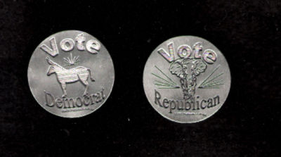 Title (ebay affiliate link): engraved,brushed metal Democrat/Republican VOTE token
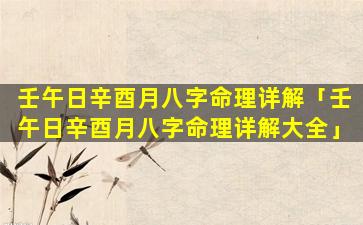 壬午日辛 🐝 酉月八字 🐺 命理详解大全
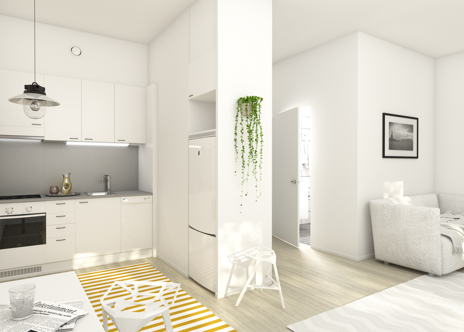 Taloyhtiö on valmistunut vuonna 2017 ja sijaitsee tukevasti omalla tontilla. Asuntoon kulku on vaivatonta hissillä. Huoneistossa on erittäin toimiva ja tehokas pohjaratkaisu: keittiönurkkaus rajaa tilaa luontevasti ja mahdollistaa eteiseen kaappitilaa säilytykseen. Alkoviin mahtuu hyvin isompikin sänky sekä säilytyskaapisto, ja keittiön edessä on selkeä tila sohvalle ja televisiolle.
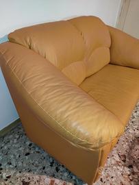 Divano due posti in ecopelle giallo ocra. Poco utilizzato
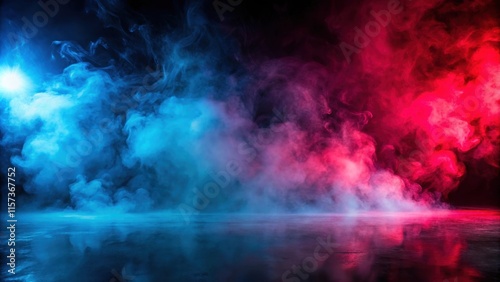 © lapeepon, Fototapeta premium Fog in red blue neon light on black background , mist, atmospheric, eerie, ethereal, surreal, abstract, moody
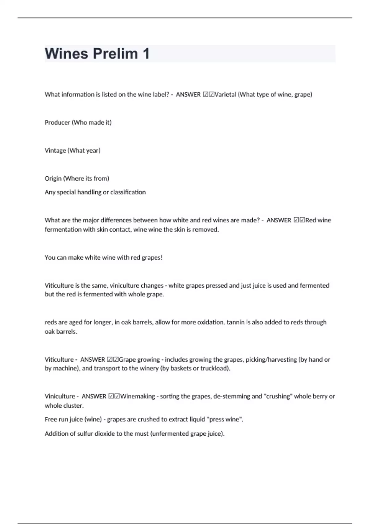 Wines Prelim 1 exam 2024 with 100% accurate solutions
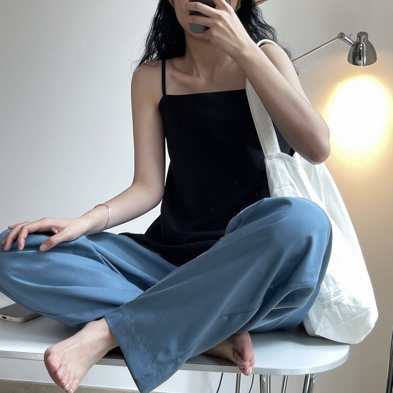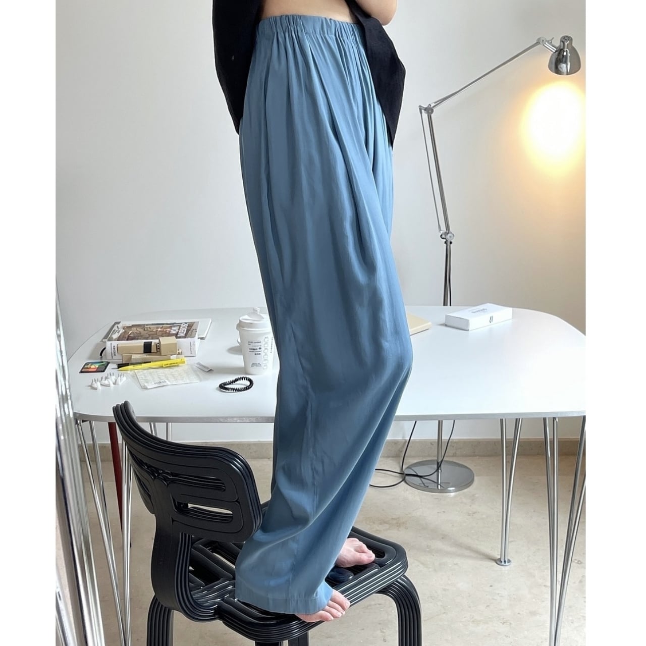 光沢感のあるしなやかなワイドパンツ。
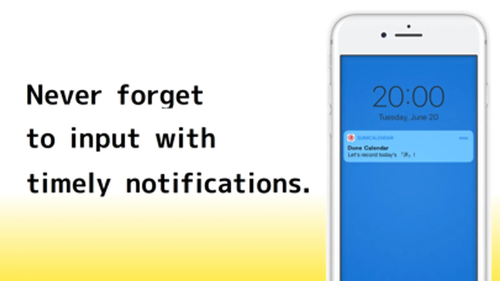 Set the habits you want to start and mark them with a "済" stamp every day you accomplish them. With a simple interface, it's easy to use!
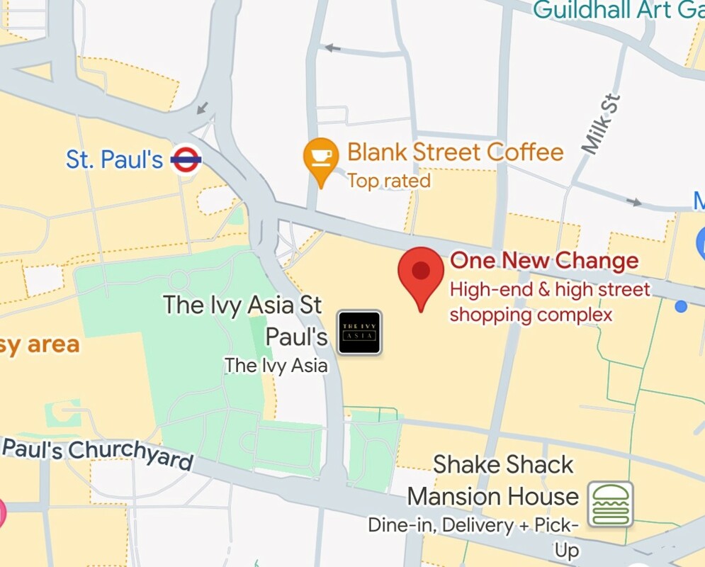 Closest Tube Station is St Paul’s, less than 5 minute walk to the location.
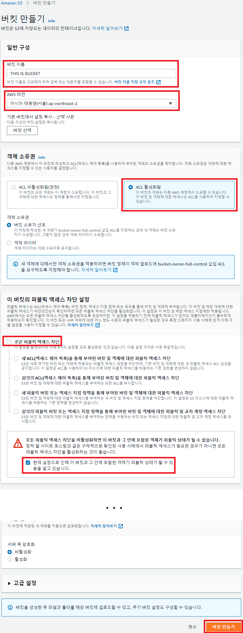 3. ACL 활성화됨 : 버킷은 오픈마인드가 중요한거다.
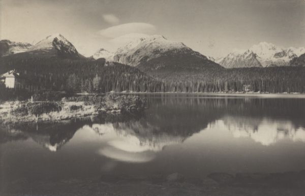 Na pierwszym planie tafla Szczyrbskiego Jeziora w której odbija się górski pejzaż. W tle od lewej Solisko, Skrajna Baszta, Popradzka Kopa i Wysoka.

▸ EXERCISE INSTRUCTIONS: Each line from the one containing "3. ACL 활성화됨 : 버킷은 오픈마인드가 중요한거다." through the last line of the data should be written out exactly. Skip the pictures, and add no other lines.

▸ WRITTEN RESPONSE:
 3. ACL 활성화됨 : 버킷은 오픈마인드가 중요한거다.
 Na pierwszym planie tafla Szczyrbskiego Jeziora w której odbija się górski pejzaż. W tle od lewej Solisko, Skrajna Baszta, Popradzka Kopa i Wysoka.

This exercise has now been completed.